Pararon a dormir sin haber robado ni matado. Preguntaron el precio y pagaron por adelantado una noche en un motel a metros de la ruta. En la frontera habían cultivado un castellano tan perfecto que nadie intuía en ellas algo extranjero. En las dos, casi a la par, se impuso la sensación de que no tenían pasado. No había historia personal o biografía en el crimen. A Katia se le representó inverosímil haber suprimido por encargo por lo menos a cuatro docenas de vidas. Si pensaba en eso, le venía a la cabeza la imagen de una niña que jugaba con un arma. Bárbara, a su vez, ni siquiera recordaba actos pasados como si fueran de otro. La ausencia de impulsos, la pasividad que le transmitía el paisaje, la transformaban en una mujer recién creada.
A la mañana arrancaron sin hablar. Se detuvieron en Paraná a comer. Recién entonces Katia salió del hipnotismo paisajístico y se dijo que su próxima víctima podía ser la última. Tuvo la impresión de que recién ahora, paradójicamente, mataría de verdad. El recorrido por un paisaje que parecía abandonado y devastado por lo que quedaba vacante en esa belleza rural al no haber ya hombres, generaba una grieta en su personalidad. Ahora no importaba tanto quién sería después del viaje, sino quién había sido. Paró al costado de la ruta. Una vaca las observaba. Tenía en los ojos la tirantez de un árbol seco.

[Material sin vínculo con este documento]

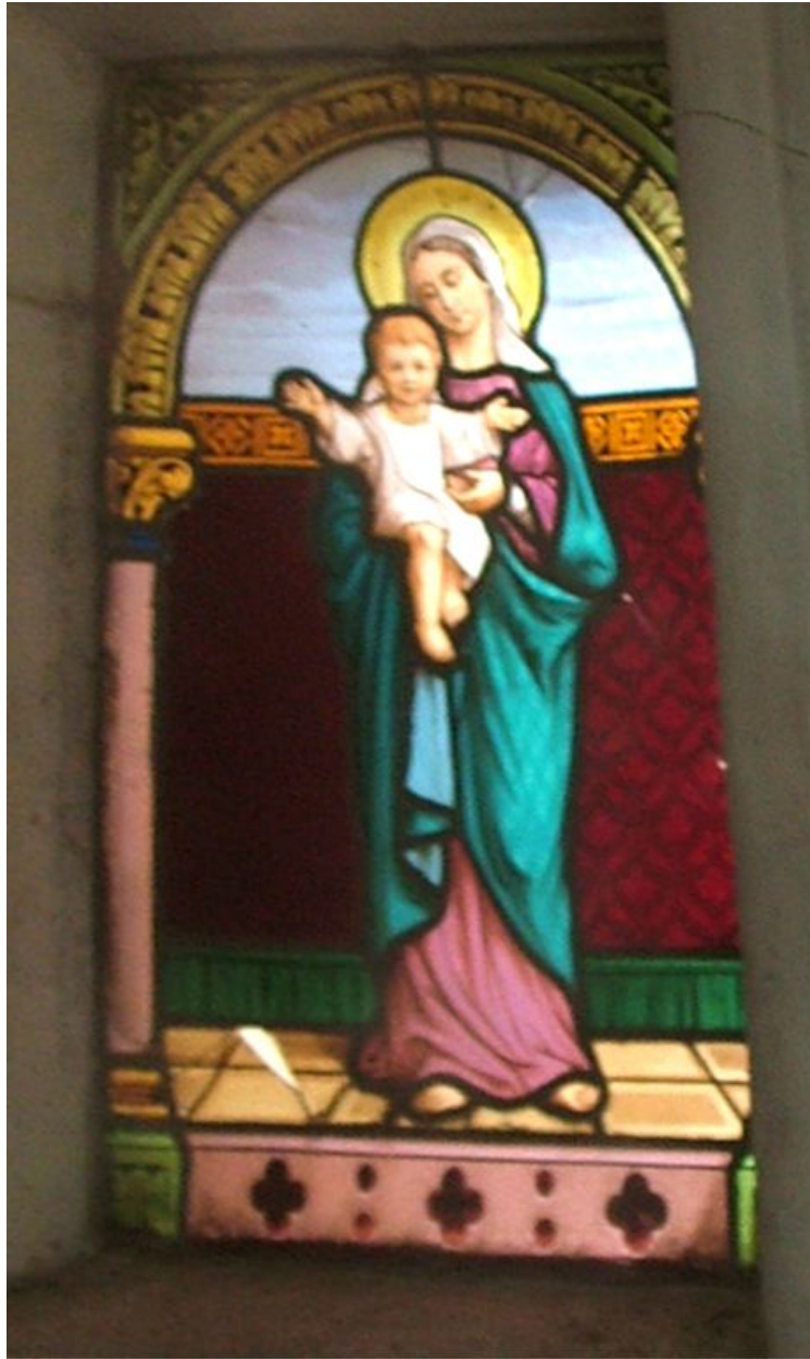
Verrière : Vierge à l'Enfant.
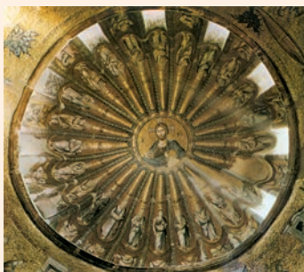
Tots els temps convergeixen en Crist. Cúpula de la famosa Kariye Djami d'Is-tanbul (Turquia)

Que la vostra mà reposti / sobre l'home que serà el vostre braç dret, / el fill de l'home a qui vos doneu la força. / No ens apartarem mai més de vos; / guardeu-nos vos la vida / perquè invoquem el vostre nom. R.
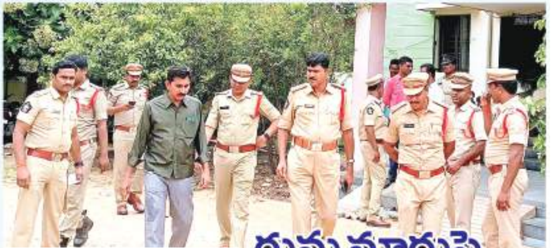
తనిఖీల అనంతరం స్టేషన్ ముందు పోలీసులు
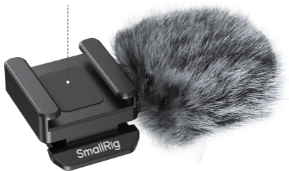
Cold Shoe Mount 冷靴座
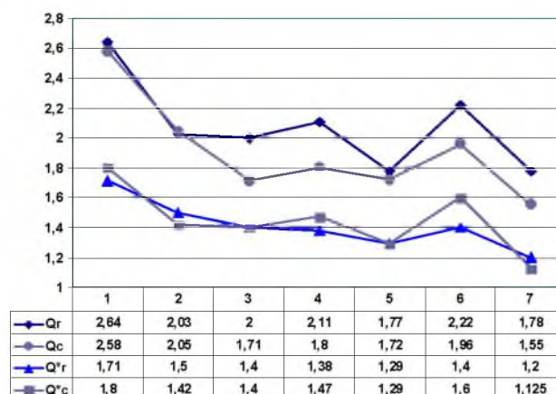
Рис. 2. Критерии структуризации и качество покрытия для примеров

На рис. 2 приведена статистика обработки различных видов матриц логических блоков с дефектными компонентами.
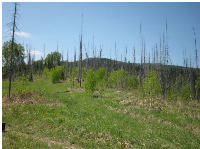
Рис. 4. Вторая восстановительно-возрастная стадия послепожарного формирования растительности (11-летняя пихтовая гарь)

На вершинах склона, где проходит граница гари, наблюдаются сухостойные пихты, постепенно отмершие после пожара, но находящиеся в вертикальном положении. Гарь не разработана. Практически весь склон СВ экспозиции (передний план, рис. 5) возобновился березой семенного происхождения в количестве 4311 шт./га. Возраст подроста и молодняка березы колеблется от 5 до 30 лет, расположение – небольшими колками.

Katia apuntó. Sonó el disparo y casi al mismo tiempo un mugido aterrador. Se preocupó al notar que la vaca seguía gimiendo en el piso. Desde el mismo lugar, a una distancia de veinte metros, intentó rematarla con tres disparos detrás de la oreja. Probó un cuarto y se retrajo ante la presencia lejana de una camioneta y de las primeras palabras que su prima le dirigió en el día: “cuidado, no vayas a quedarte sin balas”.
En Buenos Aires encontraron un paisaje familiar. Renació en ellas el impulso delictivo, pero una tentativa frustrada por sacudir una casa de cambio —cuando Bárbara sacó el arma dispuesta a amenazar, cayó una cortina de hierro sobre las cajas y apenas logró salir del local antes de que terminara de caer del lado de afuera una segunda cortina que Katia, haciendo de campana, pudo contener durante unos segundos—, les indicó que no era el momento ni el lugar para actuar.
No pasaron más de un día en la ciudad. Buenos Aires les pareció inconmensurable pero atrasada respecto a las ciudades polimorfas de la Triple Frontera. Los habitantes lucían cansados, opacamente vivos, sin nada que producir y sin nada que traficar. Ellas nunca habían estado afuera y no tenían demasiados parámetros de comparación, pero intuían que en Buenos Aires ya nada podía cambiar y que, por todas esas señales de opresión y vagabundeo, no existía casi la posibilidad de trabajar o ascender en la escala social. La resignación estaba atorada en las caras. Era el rictus final de una civilización que había explotado al hombre hasta esculpir en sus descendientes la máscara de la apatía.